* [YOUR GOAL] In the records below, reproduce exactly the lines from the one containing "Uni-Com Wireless Portable" through the one containing "Halo Design Vintage", both included, and omit the pictures.

* [AVAILABLE DATA]
○ ○ ○ ○ ○

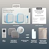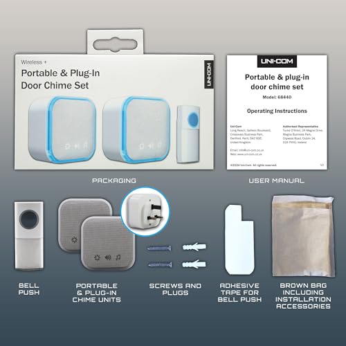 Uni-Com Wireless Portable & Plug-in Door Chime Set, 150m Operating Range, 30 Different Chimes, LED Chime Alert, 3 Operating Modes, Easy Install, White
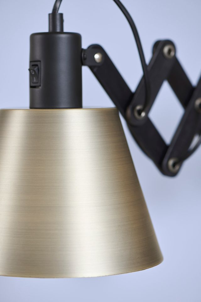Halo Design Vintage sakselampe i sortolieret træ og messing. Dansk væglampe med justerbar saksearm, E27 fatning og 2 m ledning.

○ ○ ○ ○ ○

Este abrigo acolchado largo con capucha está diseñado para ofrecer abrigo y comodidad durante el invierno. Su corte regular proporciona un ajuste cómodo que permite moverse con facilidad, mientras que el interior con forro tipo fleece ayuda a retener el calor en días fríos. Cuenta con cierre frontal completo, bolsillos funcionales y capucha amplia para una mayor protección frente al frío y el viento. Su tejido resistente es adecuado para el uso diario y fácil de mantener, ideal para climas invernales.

○ ○ ○ ○ ○

* [PROBLEM SOLUTION]
 Uni-Com Wireless Portable & Plug-in Door Chime Set, 150m Operating Range, 30 Different Chimes, LED Chime Alert, 3 Operating Modes, Easy Install, White
Halo Design Vintage sakselampe i sortolieret træ og messing. Dansk væglampe med justerbar saksearm, E27 fatning og 2 m ledning.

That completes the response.